MICROSOFT CEO IN KENYA TO LAUNCH WINDOWS 10.

Less than a week after U.S. President Barack Obama’s historic visit to Kenya for the Global Entrepreneurship Summit (GES), Microsoft CEO Satya Nadella is in Kenya for the worldwide launch of Windows 10 Operating System.
Windows 10 will be available on tablets and Personal Computers in 190 countries although the free update is only available for windows 7 or windows 8.1.
In addition to new features, Microsoft is expected to announce windows 10 as the most secure platform yet and an upgraded conducive environment for developers.
Microsoft yesterday launched The "Windows 10" software in an attempt to reverse its fortunes in the mobile industry. Microsoft plans to gradually update it for free to most existing Windows users, as well as those buying new PCs to mark a “new era” for personal computing.
Microsoft’s chief executive Satya Nadella said, “Windows 10 is a huge milestone for us as a company, and quite frankly the industry.”
Microsoft has until now released a new version of Windows every few years.

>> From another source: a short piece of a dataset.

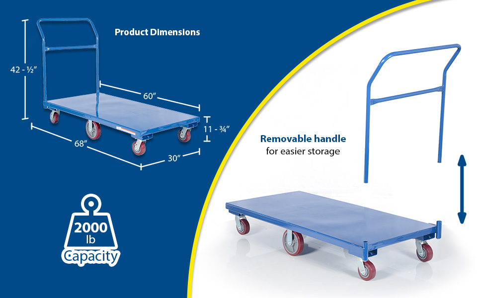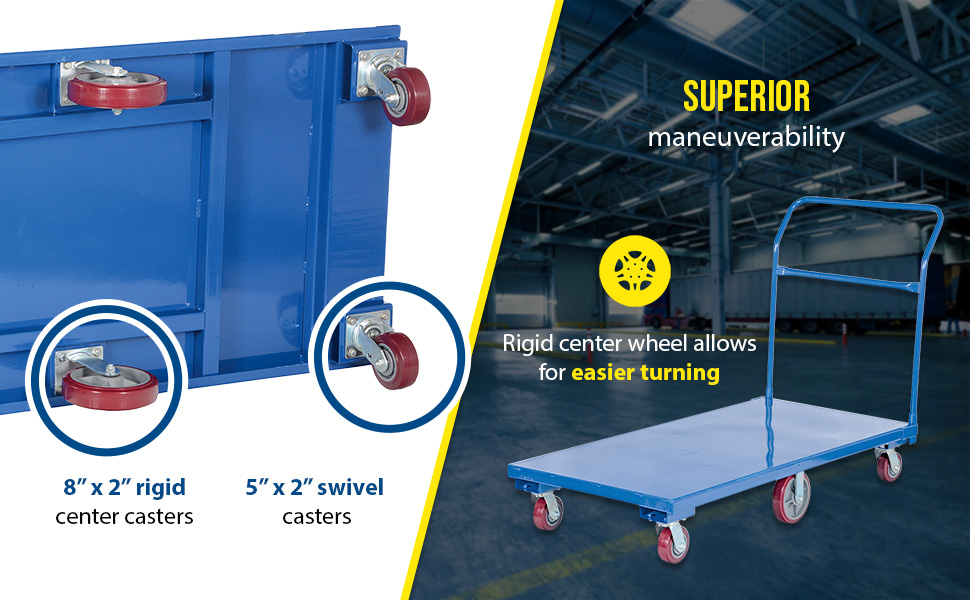 Heavy duty steel platform cart provides long term service. Removable handle. Rolls on (4) 5" swivel and (2) 8" poly rigid casters. Center caster provides great maneuverability. Ideal for industrial, commercial and warehouse use.
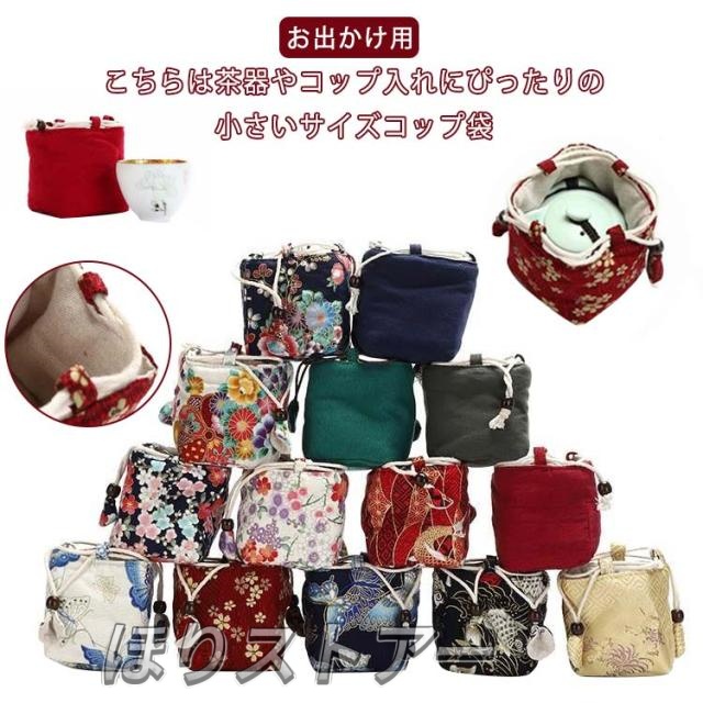 巾着 陶器 コップ入れ カンフー茶 運び 屋外持ち 収納バッグ 和柄 ポーチ コットン お出かけ用 コンパクト 厚手 お出かけ用 巾着袋 おしゃれ 綿 コップ袋 送料無料 手作り風 小さめ ミニ 事務室用 旅行 茶道具

Windows 10 will be the last launch of this kind, the company said – from here on it will gradually update the software for free over months and years.
Mr Nadella said he hoped features like digital personal assistant Cortana – comparable to Apple’s Siri, and Google Now – would set Windows 10 apart.
“I’m really excited about Cortana,” he said.
“I think of it as [being] as profound as perhaps the PC operating system.
“If you think about our history in technology, we’ve had concepts that have changed how people have interacted with their computing resources.
“One of them was a graphical user interface, the second was the browser and the web. I think of Cortana as the third platform.”
“One of the foundational pieces of making anything more personal is trust,” he said.
“We’re not trying to sell you advertising, we’re trying to in fact sell you software or devices so you as a user can trust it, that it’s working on your behalf.
“I as a consumer may want to sometimes trade off my data to get a free service, and that’s ok. But it’s the other users of that same data – that is where trust matters.
“I absolutely want Microsoft to be trustworthy. How consumers make choices between companies, I’ll leave it to them.”
Mr Nadella argued that future devices, like augmented reality headset Hololens, would maintain the relevance of Windows 10.
The developer version of Hololens, which is placed over a user’s eyes and displays graphics in their surroundings, is on course to be released within a year, Mr Nadella said.
Consumer versions of the software would follow at a later date.
But Microsoft’s poor track record in mobile means Mr Nadella has had to change the firm’s focus.
He has ramped up the company’s efforts in creating apps for rival systems – Apple’s iOS and Google’s Android.